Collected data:
------------------------------------------------------------------------

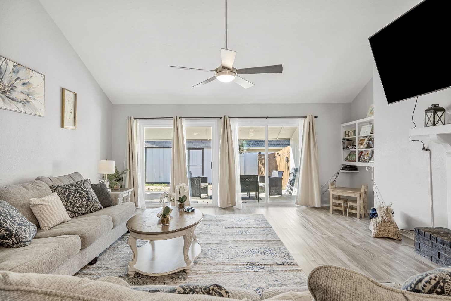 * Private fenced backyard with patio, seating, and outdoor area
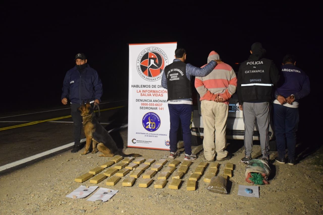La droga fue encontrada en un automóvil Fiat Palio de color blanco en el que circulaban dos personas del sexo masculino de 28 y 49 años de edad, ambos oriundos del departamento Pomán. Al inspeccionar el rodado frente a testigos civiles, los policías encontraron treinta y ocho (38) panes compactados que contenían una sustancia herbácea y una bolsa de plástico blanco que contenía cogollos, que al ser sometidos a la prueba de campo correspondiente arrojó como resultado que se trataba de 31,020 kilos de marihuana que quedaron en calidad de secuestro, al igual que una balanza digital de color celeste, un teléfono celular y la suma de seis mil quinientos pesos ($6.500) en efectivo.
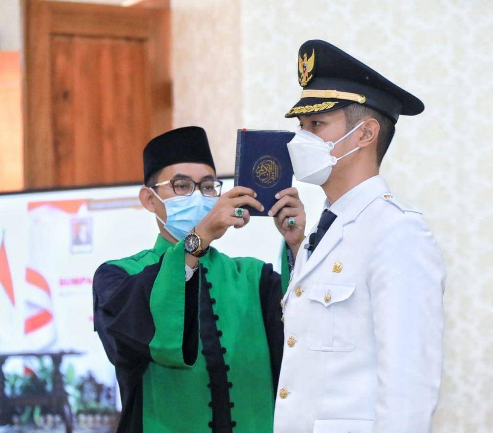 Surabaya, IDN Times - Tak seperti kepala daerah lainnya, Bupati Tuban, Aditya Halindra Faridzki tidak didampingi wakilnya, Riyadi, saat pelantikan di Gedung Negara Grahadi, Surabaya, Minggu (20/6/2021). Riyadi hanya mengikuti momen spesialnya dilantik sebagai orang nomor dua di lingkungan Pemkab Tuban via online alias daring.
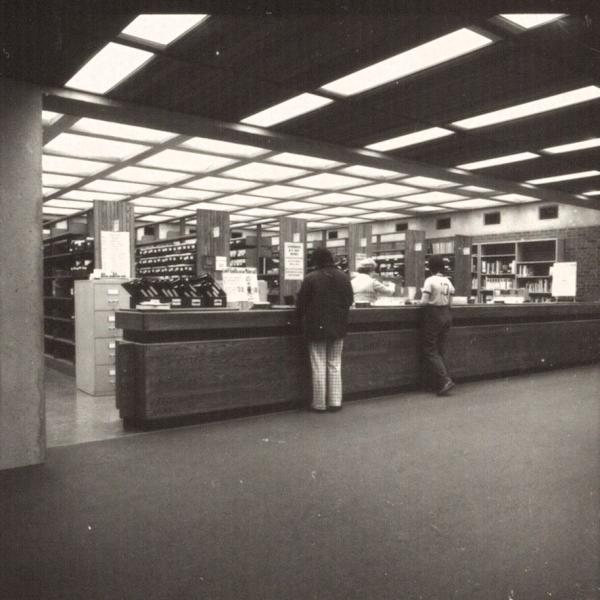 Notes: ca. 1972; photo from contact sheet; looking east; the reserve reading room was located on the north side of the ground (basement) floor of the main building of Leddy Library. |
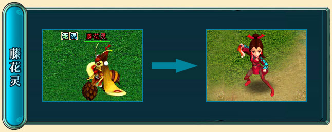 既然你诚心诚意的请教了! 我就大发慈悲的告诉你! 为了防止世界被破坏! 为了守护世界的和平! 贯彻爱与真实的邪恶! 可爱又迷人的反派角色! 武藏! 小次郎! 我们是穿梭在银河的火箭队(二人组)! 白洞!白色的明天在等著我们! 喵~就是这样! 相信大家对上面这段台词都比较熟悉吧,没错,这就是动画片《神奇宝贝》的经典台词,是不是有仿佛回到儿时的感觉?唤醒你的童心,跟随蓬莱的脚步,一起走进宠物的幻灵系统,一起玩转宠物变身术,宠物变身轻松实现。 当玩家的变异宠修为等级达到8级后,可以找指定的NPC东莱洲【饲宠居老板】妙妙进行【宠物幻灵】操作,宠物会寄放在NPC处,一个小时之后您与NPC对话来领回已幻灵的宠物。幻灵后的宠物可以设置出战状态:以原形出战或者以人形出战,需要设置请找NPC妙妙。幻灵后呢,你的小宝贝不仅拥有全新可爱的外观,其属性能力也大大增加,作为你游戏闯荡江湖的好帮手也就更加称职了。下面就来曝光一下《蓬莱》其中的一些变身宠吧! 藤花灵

------------------------------------------------------------------------

(WHAT THE EXERCISE ASKS)
What you hand back should match the entries above exactly, except that no picture appears.

(TASK OUTPUT)
 * Private fenced backyard with patio, seating, and outdoor area
La droga fue encontrada en un automóvil Fiat Palio de color blanco en el que circulaban dos personas del sexo masculino de 28 y 49 años de edad, ambos oriundos del departamento Pomán. Al inspeccionar el rodado frente a testigos civiles, los policías encontraron treinta y ocho (38) panes compactados que contenían una sustancia herbácea y una bolsa de plástico blanco que contenía cogollos, que al ser sometidos a la prueba de campo correspondiente arrojó como resultado que se trataba de 31,020 kilos de marihuana que quedaron en calidad de secuestro, al igual que una balanza digital de color celeste, un teléfono celular y la suma de seis mil quinientos pesos ($6.500) en efectivo.
 Surabaya, IDN Times - Tak seperti kepala daerah lainnya, Bupati Tuban, Aditya Halindra Faridzki tidak didampingi wakilnya, Riyadi, saat pelantikan di Gedung Negara Grahadi, Surabaya, Minggu (20/6/2021). Riyadi hanya mengikuti momen spesialnya dilantik sebagai orang nomor dua di lingkungan Pemkab Tuban via online alias daring.
 Notes: ca. 1972; photo from contact sheet; looking east; the reserve reading room was located on the north side of the ground (basement) floor of the main building of Leddy Library. |
 既然你诚心诚意的请教了! 我就大发慈悲的告诉你! 为了防止世界被破坏! 为了守护世界的和平! 贯彻爱与真实的邪恶! 可爱又迷人的反派角色! 武藏! 小次郎! 我们是穿梭在银河的火箭队(二人组)! 白洞!白色的明天在等著我们! 喵~就是这样! 相信大家对上面这段台词都比较熟悉吧,没错,这就是动画片《神奇宝贝》的经典台词,是不是有仿佛回到儿时的感觉?唤醒你的童心,跟随蓬莱的脚步,一起走进宠物的幻灵系统,一起玩转宠物变身术,宠物变身轻松实现。 当玩家的变异宠修为等级达到8级后,可以找指定的NPC东莱洲【饲宠居老板】妙妙进行【宠物幻灵】操作,宠物会寄放在NPC处,一个小时之后您与NPC对话来领回已幻灵的宠物。幻灵后的宠物可以设置出战状态:以原形出战或者以人形出战,需要设置请找NPC妙妙。幻灵后呢,你的小宝贝不仅拥有全新可爱的外观,其属性能力也大大增加,作为你游戏闯荡江湖的好帮手也就更加称职了。下面就来曝光一下《蓬莱》其中的一些变身宠吧! 藤花灵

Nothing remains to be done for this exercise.